Faminist Theory

Ms. Paul told the story of a friend, a mother of two in Park Slope, who had an unplanned pregnancy and decided to terminate it. She wrote an essay about the experience, but had a hard time selling it to a woman’s magazine. “People did not want to hear about someone with children choosing to have an abortion,” said Ms. Paul. “Abortion is very much démodé.”

(National abortion numbers have been falling steadily since the ’90s, down from 1.6 million in 1990 to 1.2 million in 2005, the most recent data available from the Guttmacher Institute.)

“It’s good news when abortion numbers drop and it has positive feminist implications, which have to do with better birth control and fewer unplanned pregnancies,” said Jennifer Baumgardner, 39, a former editor at Ms. magazine, an author of many books, including Manifesta: Young Women, Feminism, and the Future, and the creator of the “I Had an Abortion” T-shirt. “On the whole, we’re in a good place: Abortion numbers are dropping, women are aware of their options and you can have a baby out of wedlock.”

Annie Horcasitas, 29, who worked at a women’s health clinic that performed abortions when she was in college, agreed. “You never really hear women talking about abortion until it comes up in the health care bill. It’s not really a hot-button issue,” said Ms. Horcasitas, a teacher who now lives in Central Harlem with her husband and two sons (a two-and-a-half-year-old and a 2-week-old) and runs a blog called RealMommyChronicles.com. “I think that means we’ve made it if we don’t need to talk about it all anymore.”

A’yen Tran, 29, used to wear her “I Had an Abortion” T-shirt (she had two in her early 20s) as an undergraduate at Barnard.
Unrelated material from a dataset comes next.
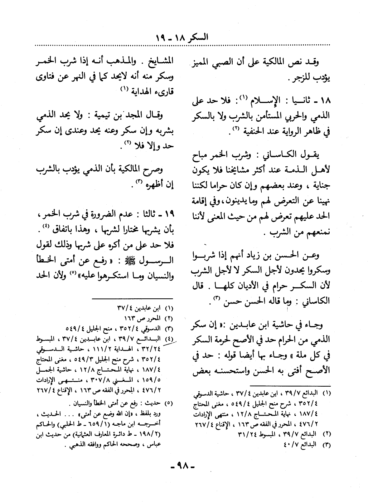 وَعَنِ الْحَسَنِ بْنِ زِيَادٍ أَنَّهُمْ إِذَا شَرِبُوا وَسَكِرُوا يُحَدُّونَ لأَِجْل السُّكْرِ لاَ لأَِجْل الشُّرْبِ لأَِنَّ السُّكْرَ حَرَامٌ فِي الأَْدْيَانِ كُلِّهَا. قَال الْكَاسَانِيُّ: وَمَا قَالَهُ الْحَسَنُ حَسَنٌ (3) .

She offered an explanation for the current lack of discourse on women’s rights: “Gloria Steinem says in some ways ambivalence is a function of legality, which I think is right. Young women can ignore that they have access to abortion and not realize how much those rights are threatened all the time. I don’t know if women are putting themselves second so much as they are just less vocally fighting for the right to have abortions.”
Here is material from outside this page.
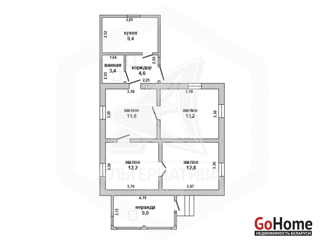 Жилой дом в г,Жабинке. 1963 г.п. 1 этаж. Общ.СНБ - 76,4 кв.м, общ.- 67,4 кв.м, жил.- 50,0 кв.м, кух.- 9,4 кв.м. 4 комнаты, высота потолка - 2,75 м.

Currently a project manager at a media design firm, Ms. Tran, who lives in Fort Greene, said she doesn’t wear her T-shirt anymore. “I think I would be less ready for the fight or less interested in the fight,” she said. “I guess I’m just more focused on other things.”
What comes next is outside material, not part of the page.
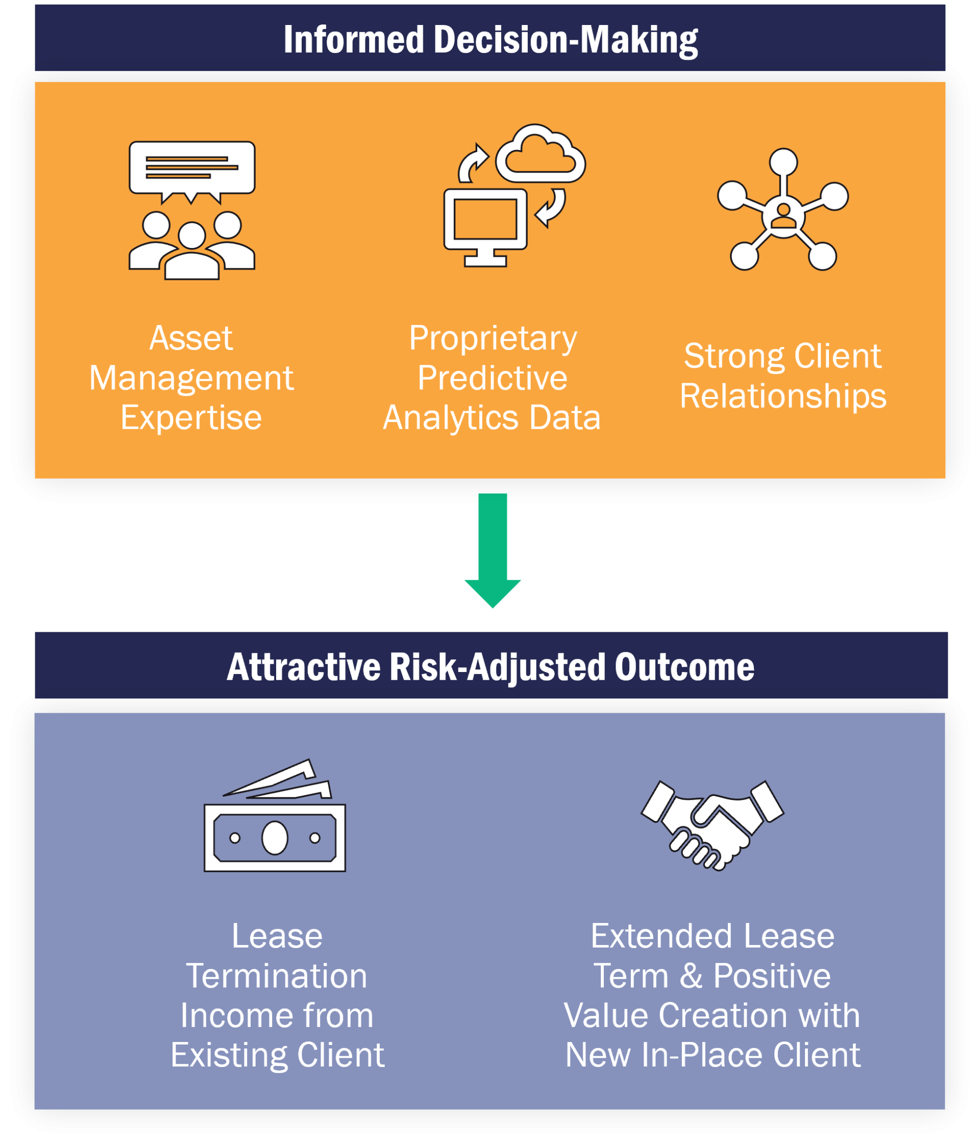 Our asset management team employs our Predictive Analytics AI tools and models to selectively pursue early lease terminations ahead of potential unanticipated vacancies; generating incremental value by monetizing remaining lease terms, and coincidentally re-leasing and repositioning the assets—driving both unplanned additional rental revenues, as well as growing asset valuations. We proactively pursue these opportunities only when the lease termination income and new rental income with longer lease term offers what we believe will be a better economic outcome.

Of course, the Faminist tribe tends to congregate in cities, like this one, where reproductive rights are a given. An op-ed in The Times this past weekend revealed that Nebraska, Mississippi, Oklahoma and Florida have quietly moved to restrict access to abortion.

“What flies in Park Slope and the Upper East Side is very different from most Americans,” Ms. Paul said. “So the idea that woman as an individual is not a political issue is willful ignorance.”

 

‘BABIES, BABIES, BABIES’
“Motherhood is in the saddle,” said Fear of Flying author Erica Jong when The Observer reached her by phone last week. “There is a whole pop-culture trend towards maternity. Angelina Jolie and Brad Pitt having six, seven, whatever. Jennifer Lopez having twins, Nadya Suleman having a whole bunch and then eight more. Babies, babies, babies. You can always make the cover of a magazine if you have a baby. Even I, who got these hideous attacks for leading women down the garden path to embrace their sexuality, when I had a baby in my arms, my press changed. First I was the happy hooker of literature—then I turned into Mother Theresa. You don’t get bad press when you’re holding a baby.”

SLIDESHOW: 9 Women Who Prefer Prams to Politics >

Before the time when magazines put babies on the cover, they used to—sometimes seriously, sometimes humorously—cover women’s rights issues. Think of Glamour under the esteemed Ruth Whitney; the now little-noticed Ms.; and the defunct Jane and Sassy and YM, which used to have a section called “Why Me?” in which young women sent in embarrassing stories of skirts getting stuck in their pantyhose, tampons falling out of their bags and other silly tales (usually in the presence of “crushes”) that defined young womanhood.